Tim and I are in, and I have invited some riders from work...

Come on out, warm the legs up, play on some of Case's Potato(e is optional) rocks.. etc..


----------



## o3jeff (Mar 24, 2010)

I should be in, will have to see how work goes.

I did see your bike the other day hanging off a rack somewhere!


----------



## MR. evil (Mar 24, 2010)

o3jeff said:


> I should be in, will have to see how work goes.
> 
> I did see your bike the other day hanging off a rack somewhere!



It would be cool if you can make it.
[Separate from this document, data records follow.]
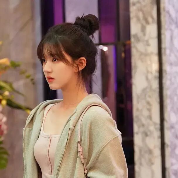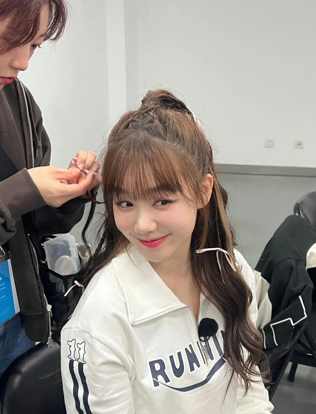 隔壁南韩的打歌舞台中,也不时用丸子头与空气刘海组合加持整体少女感。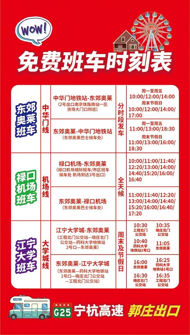 免费购物班车路线:中华门线、禄口机场线(全天候)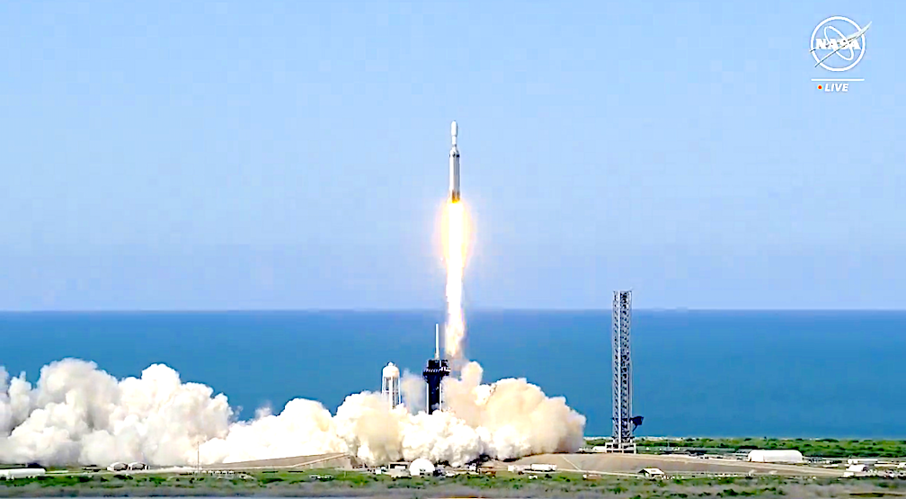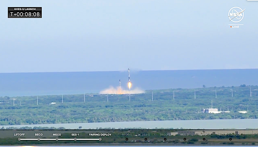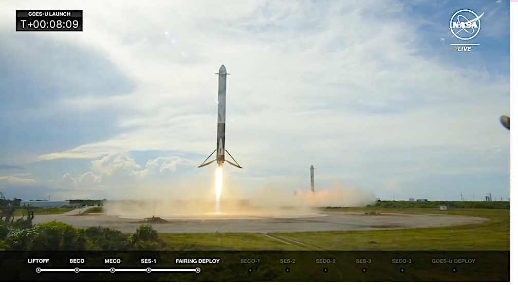 On Tuesday, June 25 at 5:26 p.m. ET, Falcon Heavy launched the National Oceanic and Atmospheric Administration’s (NOAA) GOES-U mission to a geostationary orbit from Launch Complex 39A (LC-39A) at NASA’s Kennedy Space Center in Florida. In addtion the event included a most impressive double booster landing of the Falcon Heavy’s side boosters (see below).

Looks like I will be rocking the HT for this ride. It's currently set up as a single speed, could be very tough going!


----------



## mondeo (Mar 24, 2010)

Hmm.

Anyone have a bike they're looking to sell?


----------



## o3jeff (Mar 24, 2010)

mondeo said:


> Hmm.
> 
> Anyone have a bike they're looking to sell?



how tall are you?


----------



## mondeo (Mar 24, 2010)

o3jeff said:


> how tall are you?


5'10".

My road bike is a 56cm. Guessing I'd go for a 17" frame for MTB?


----------



## Trev (Mar 25, 2010)

o3jeff said:


> I should be in, will have to see how work goes.
> 
> I did see your bike the other day hanging off a rack somewhere!



That you did, she is in the Doctor's office getting her Juicy 3 Calipers replaced.. expecting a call today actually..
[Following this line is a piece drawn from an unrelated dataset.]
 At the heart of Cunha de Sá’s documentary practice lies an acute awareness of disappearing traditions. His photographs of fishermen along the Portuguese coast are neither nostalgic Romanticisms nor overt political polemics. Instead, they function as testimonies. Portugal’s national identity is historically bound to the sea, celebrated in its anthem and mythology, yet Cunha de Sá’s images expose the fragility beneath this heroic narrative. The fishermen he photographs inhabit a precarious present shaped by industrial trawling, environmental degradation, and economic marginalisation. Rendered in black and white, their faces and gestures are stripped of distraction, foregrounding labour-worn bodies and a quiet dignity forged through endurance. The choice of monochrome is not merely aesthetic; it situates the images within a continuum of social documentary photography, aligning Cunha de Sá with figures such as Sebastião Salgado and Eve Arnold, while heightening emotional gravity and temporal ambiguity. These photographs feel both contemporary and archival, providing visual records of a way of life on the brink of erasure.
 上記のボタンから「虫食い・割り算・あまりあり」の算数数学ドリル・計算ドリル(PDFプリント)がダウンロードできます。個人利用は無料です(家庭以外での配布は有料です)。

See what you can do Jeff about Thursday..

Also invited a couple of guys from work here...  chances are they aren't coming.. never hurts to ask though


----------



## Trev (Mar 25, 2010)

mondeo said:


> 5'10".
> 
> My road bike is a 56cm. Guessing I'd go for a 17" frame for MTB?



Probably ya..


----------



## MR. evil (Mar 25, 2010)

mondeo said:


> 5'10".
> 
> My road bike is a 56cm. Guessing I'd go for a 17" frame for MTB?
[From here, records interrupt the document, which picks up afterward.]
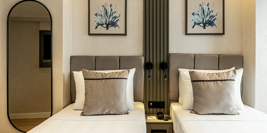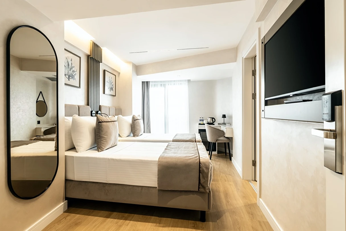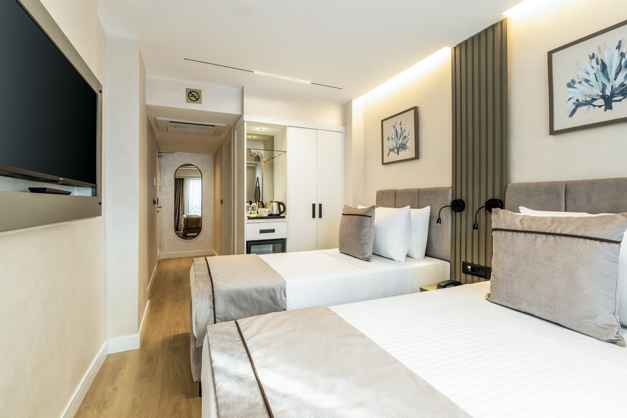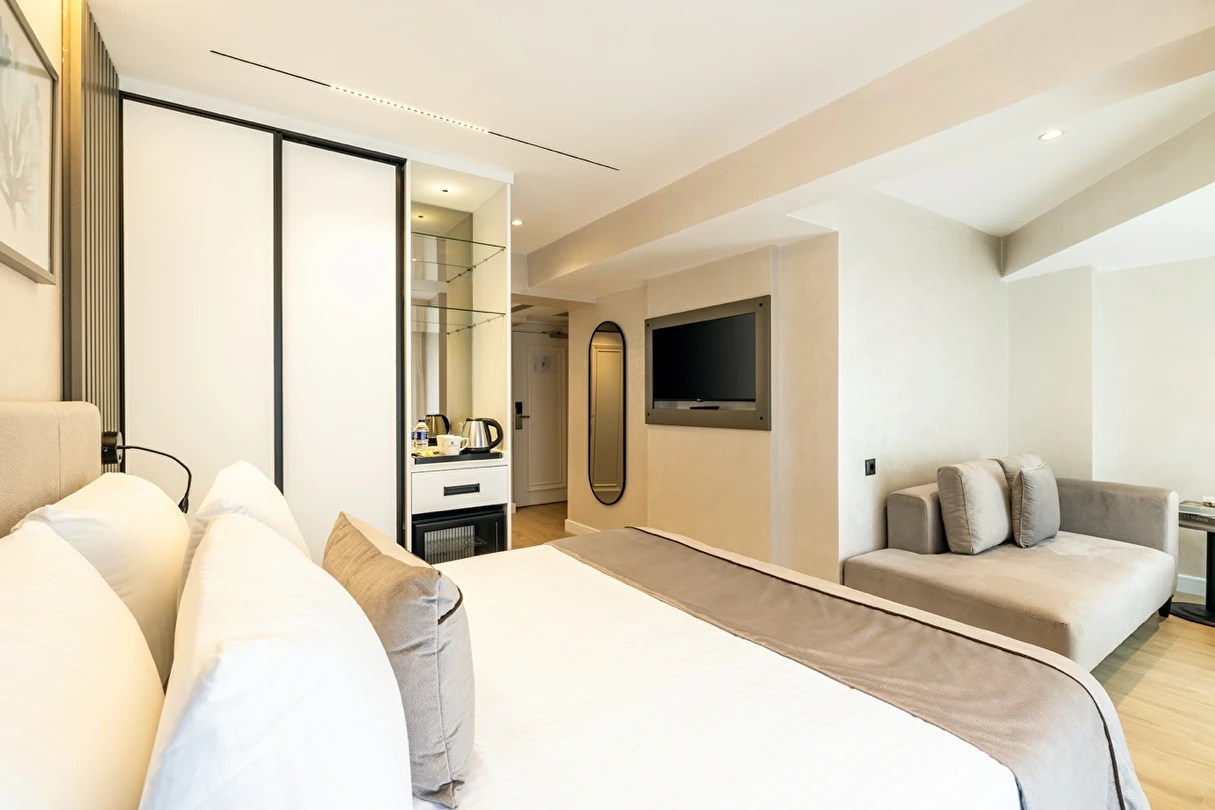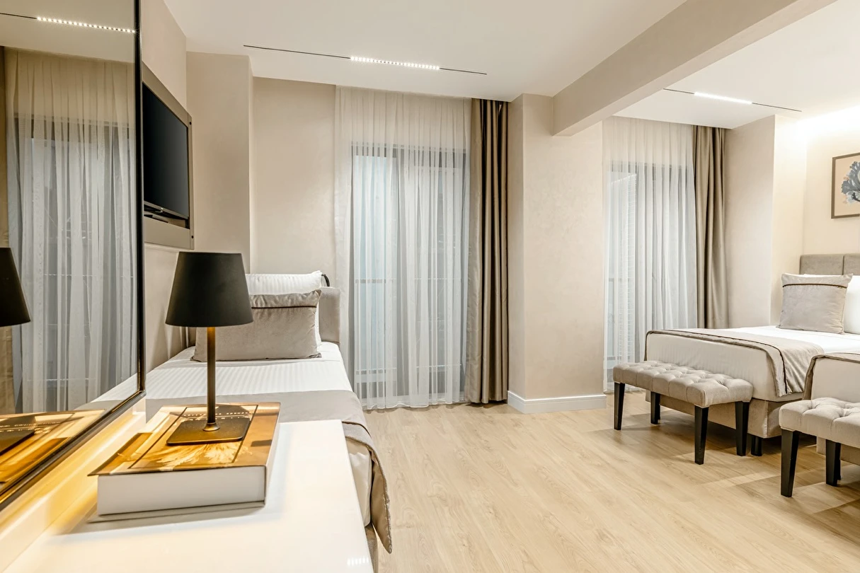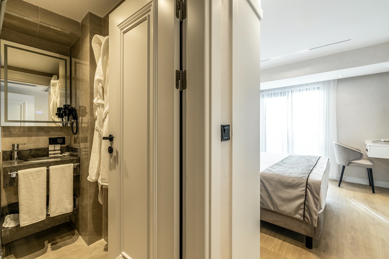 Burada odalar sadece birer konaklama alanı değil; bir ruh hâlidir.22–29 m² arasında değişen, incelikle tasarlanmış yaşam alanlarında ışık yumuşakça duvarlara yayılır. French ve Twin yatak seçenekleriyle her detay konforu fısıldar. İki kişilik odalarda sade bir şıklık, üç kişilik seçeneklerde paylaşılmış anların sıcaklığı saklıdır. Superior odalardaki oturma grupları ise günü yavaşlatmak için tasarlanmış küçük bir sahne gibidir; bir fincan kahve, bir kitap, bir İstanbul akşamı…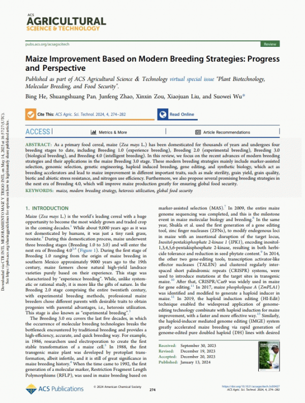 Subject(s): In: ACS Agricultural Science & Technology United States of America : American Chemical Society, 2025. v. 4, no. 3, p. 274–282Summary: As a primary food cereal, maize (Zea mays L.) has been domesticated for thousands of years and undergoes four breeding stages to date, including Breeding 1.0 (experience breeding), Breeding 2.0 (experimental breeding), Breeding 3.0 (biological breeding), and Breeding 4.0 (intelligent breeding). In this review, we focus on the recent advances of modern breeding strategies and their applications in the maize Breeding 3.0 stage. These modern breeding strategies mainly include marker-assisted selection, genomic selection, genetic engineering, haploid induced breeding, gene editing, and synthetic biology, which act as breeding accelerators and lead to maize improvement in different important traits, such as male sterility, grain yield, grain quality, biotic and abiotic stress resistance, and nitrogen use efficiency. Furthermore, we also propose several promising breeding strategies in the next era of Breeding 4.0, which will improve maize production greatly for ensuring global food security.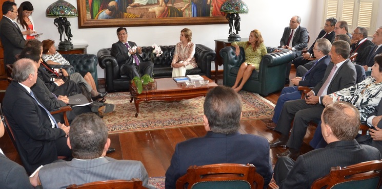A presidente do TJMA e os desembargadores apresentaram ao governador demandas relacionadas ao funcionamento e estrutura do Poder Judiciário, como a necessidade de um terreno para construir unidades administrativas – objeto da Lei nº 10.166/2014; recursos para construção e reforma de fóruns; cooperação no combate ao crime organizado e em parcerias com vistas a impulsionar o trabalho da conciliação na solução de demandas judiciais.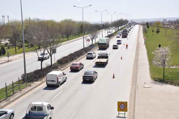 Eskişehir çevre yolundaki yol çalışması uzun araç kuyruklarına sebep oldu.

sizes only really relate to other bikes by the same company. For instanc my 18" Turner 5spot is much bigger than my 18" OnOne Inbred.


----------



## o3jeff (Mar 30, 2010)

I'm out, have a fractured finger.


----------



## severine (Mar 30, 2010)

o3jeff said:


> I'm out, have a fractured finger.



Souvenir from the weekend with Paul and wa-loaf?


----------



## o3jeff (Mar 30, 2010)

severine said:


> Souvenir from the weekend with Paul and wa-loaf?



Slipped in the shower...


----------



## MR. evil (Mar 31, 2010)

Sorry to hear that Jeff......did you fall in the shower with Paul and Waloaf? 

With all the rain the past couple of days we should stay off the trails for a while. I am planning on rescheduling this ride for next week. If it's really dry we might be able to get out Sunday AM.


----------



## Paul (Mar 31, 2010)

Going after that rock-hard nasal oyster proved too much for you, Jeffe?

And the shower would be Greg's domain, Wa and I are into the "2 Beds, 1 Comforter" thing.


----------



## Trev (Mar 31, 2010)

Looking to reschedule for Monday RAW...   

Anyone in ?

Oh, Tim, I see your Sunday AM sorry, I am out of state for this wknd..


----------